BEGIN Record set

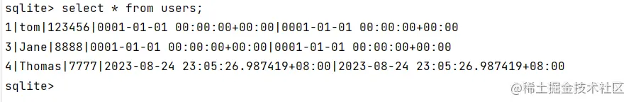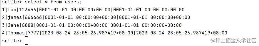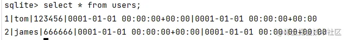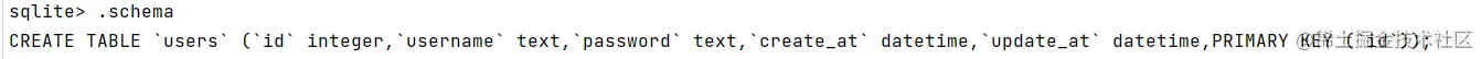 我们发现gorm已经在sqlite中自动创建了一个名叫users的表,我们发现它给User结构体自动加了个s用于表示一个复数的数据库名。
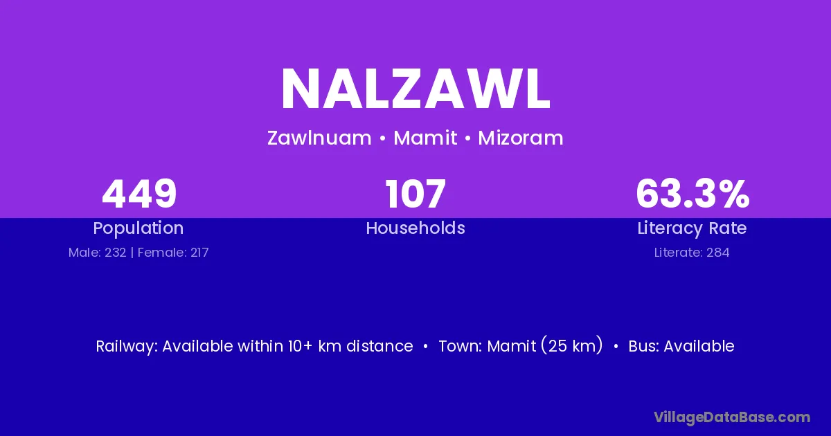 Mamit (25 km) is the nearest town to Nalzawl village for major economic activities and is located approximately 25 km away.
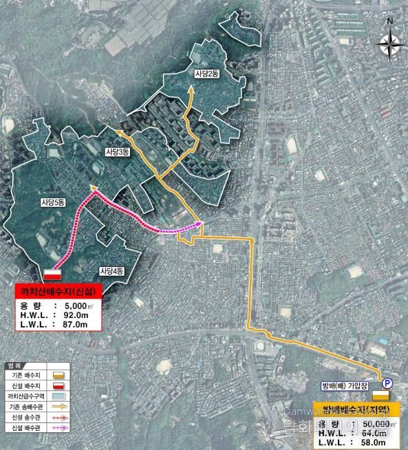 구는 사당동 일대가 재개발‧재건축 등 도시정비사업으로 인해 향후 급격한 인구 증가가 예상되는 만큼, 사전에 미리 까치산배수지 건설 사업을 추진하고 있는 것이다.
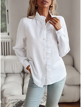 Camicia da donna in lino simile traspirante leggera grafica floreale elegante bohemia vintage a maniche lunghe colletto top regolari lavoro quotidiano vacanza arricciatura blu bianco rosa arancione
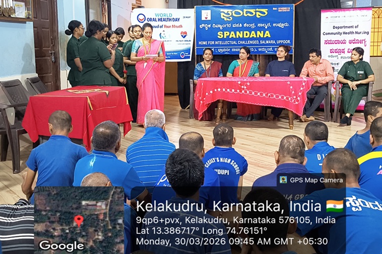 The health camp was organized on March 30, 2026, from 9:00 AM to 12:30 PM, for mentally challenged inmates at Spandana Special School, Uppoor. A total of 50 individuals received screenings for general health (blood pressure, blood sugar, BMI) and dental health, including oral prophylaxis by the Department of Public Dentistry, and thirty-two clients were referred to the dental OPD at MCODS, MAHE. Faculty and postgraduate students of clinical psychology conducted psychological evaluations and identified clients who would benefit from speech therapy and behavioral interventions. This camp was coordinated by Dr. Ansuya, Associate Professor, Department of Community Health Nursing, MCON. Faculty members of the department, including Dr Vinish V, Mr Amol Powar, Ms Clara Dsouza, and Ms Surekha, actively participated in various tasks during the camp.
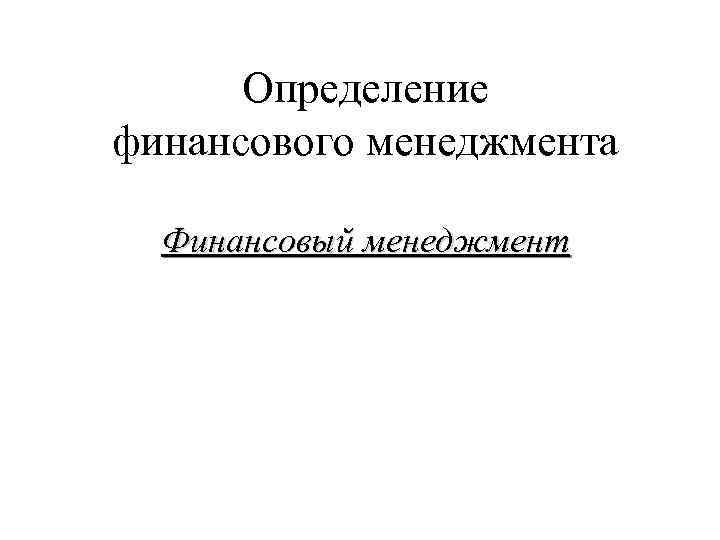 Определение финансового менеджмента Финансовый менеджмент
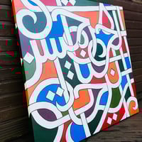 Bold and resolute, this work captures both strength and hope through its commanding presence. The central inscription: ‘What is coming for you is better than what has passed’, emerges in larger, more powerful strokes, anchoring the composition with clarity and purpose. The amplified text becomes both message and form, radiating resilience and renewal.
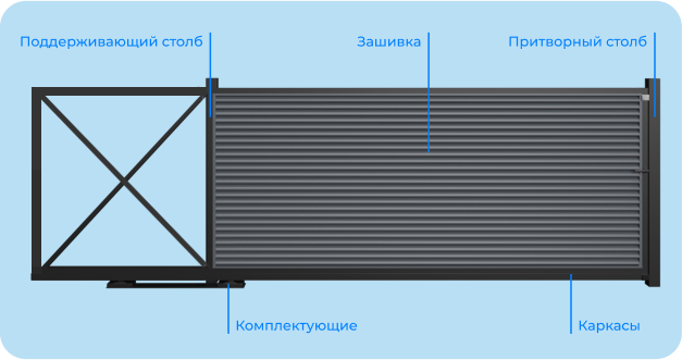 Все ворота комплектуются фурнитурой собственного производства, что гарантирует высокое качество и надежность конструкции.
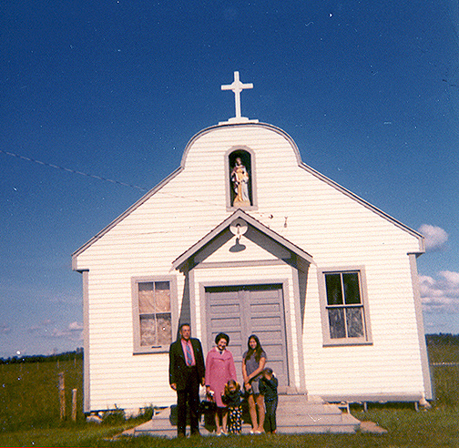 L to R: My grandparents, Emile Belcourt and Matilda Belcourt (née L'Hirondelle), my Auntie Cathy, my sister Suzanne Belcourt is in the middle and I'm to the right hiding my eyes from the sun.
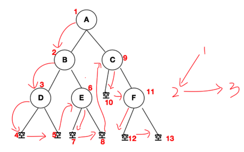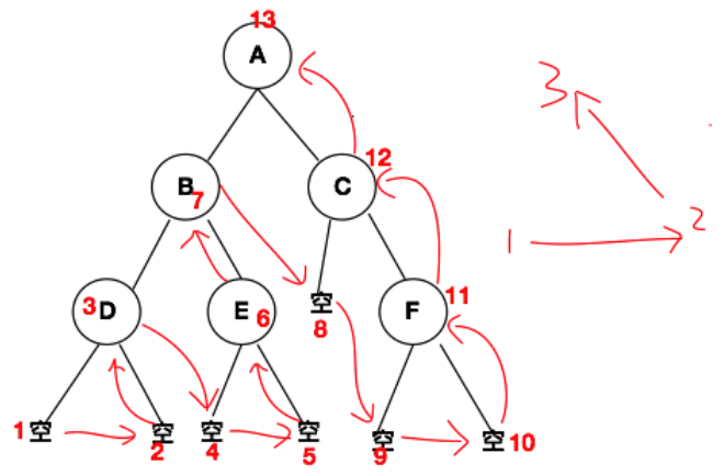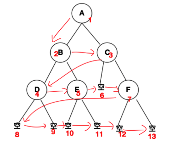 故上面先序遍历的顺序为:A B C D E # F # # # # # #

END Record set

Exercise brief:
Set down all the lines above exactly as they appear, with no pictures.

Exercise solution:
 我们发现gorm已经在sqlite中自动创建了一个名叫users的表,我们发现它给User结构体自动加了个s用于表示一个复数的数据库名。
 Mamit (25 km) is the nearest town to Nalzawl village for major economic activities and is located approximately 25 km away.
 구는 사당동 일대가 재개발‧재건축 등 도시정비사업으로 인해 향후 급격한 인구 증가가 예상되는 만큼, 사전에 미리 까치산배수지 건설 사업을 추진하고 있는 것이다.
 Camicia da donna in lino simile traspirante leggera grafica floreale elegante bohemia vintage a maniche lunghe colletto top regolari lavoro quotidiano vacanza arricciatura blu bianco rosa arancione
 The health camp was organized on March 30, 2026, from 9:00 AM to 12:30 PM, for mentally challenged inmates at Spandana Special School, Uppoor. A total of 50 individuals received screenings for general health (blood pressure, blood sugar, BMI) and dental health, including oral prophylaxis by the Department of Public Dentistry, and thirty-two clients were referred to the dental OPD at MCODS, MAHE. Faculty and postgraduate students of clinical psychology conducted psychological evaluations and identified clients who would benefit from speech therapy and behavioral interventions. This camp was coordinated by Dr. Ansuya, Associate Professor, Department of Community Health Nursing, MCON. Faculty members of the department, including Dr Vinish V, Mr Amol Powar, Ms Clara Dsouza, and Ms Surekha, actively participated in various tasks during the camp.
 Определение финансового менеджмента Финансовый менеджмент
 Bold and resolute, this work captures both strength and hope through its commanding presence. The central inscription: ‘What is coming for you is better than what has passed’, emerges in larger, more powerful strokes, anchoring the composition with clarity and purpose. The amplified text becomes both message and form, radiating resilience and renewal.
 Все ворота комплектуются фурнитурой собственного производства, что гарантирует высокое качество и надежность конструкции.
 L to R: My grandparents, Emile Belcourt and Matilda Belcourt (née L'Hirondelle), my Auntie Cathy, my sister Suzanne Belcourt is in the middle and I'm to the right hiding my eyes from the sun.
 故上面先序遍历的顺序为:A B C D E # F # # # # # #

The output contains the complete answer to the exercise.